Tuesday, October 4, 2011

Should Edison have listened to customers?

Since Steve Jobs' retirement announcement, there has been lots of talk of Apple's mantra that they must lead the customer ("You can't just ask customers what they want and give it to them.").

But here's a story about where listening to customer input would have made a real difference to another innovator, Thomas Edison. Edison's original vision for the phonograph was as a tool to record office dictation. After the device's commercial introduction, users had a different idea. This story is from "The Wizard of Menlo Park: How Thomas Alva Edison Invented the Modern World" by Randall Stross.

Everyone who tried out the phonograph - everyone but Edison, that is - was struck by its beautiful reproduction of music, which it handled far better than the sound of the human voice. [An] article in the Atlantic Monthly that had pointed out the machine's shortcomings as a device for office stenography also heaped praise on its ability to magnify musical sounds without distortion. Although there were very few recorded songs available for sale, the reports from the field showed avid interest among consumers.
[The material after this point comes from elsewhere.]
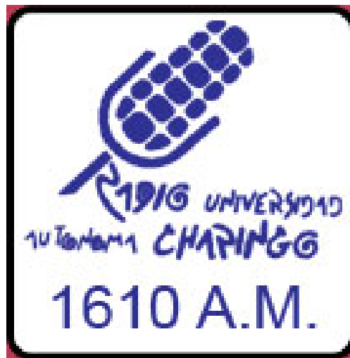
Logotipo de Radio Universidad Autónoma Chapingo

“Una radio universitaria y una radio cultural no van por el rating , el rating es la consecuencia de lo que hacemos bien. Las radios comerciales sí se van a pelear por el rating . Nosotros nos podemos dar el lujo de probar, de transmitir una programación que si bien no convoque a las masas sí convoque a un público interesado en la cultura, en el pensamiento, en la crítica, en la opinión.”

At the first convention of phonograph dealers in 1890, one distributor reported that one customer was "a crank on the subject," spending as much as $100 a week for musical cylinders (about $2,000 in current dollars).

[Edison associate Alfred] Tate and other Edison associates did their best to persuade Edison of the commercial potential of a phonograph marketed for entertainment purposes, but Edison was so attached to his original notion that the phonograph was best suited to office dictation that he could not let go of it....

Tate speculated in his memoirs afterward that Edison was reluctant to accept the phonograph as a machine for playing music because he did not want his phonograph associated with wind-up music boxes. Edison was dedicated to bringing out "useful" inventions, a mission that would be sullied by its association with something as frivolous as Victorian "toys" marketed to adults.


Edison's phonograph was eventually eclipsed by the Victrola, of course, and the man who invented this amazing technology never made a fortune from it. So this is a lesson in innovation: per Steve Jobs, don't ask customers what they want, but after you let them have a product, watch very carefully what they do with it.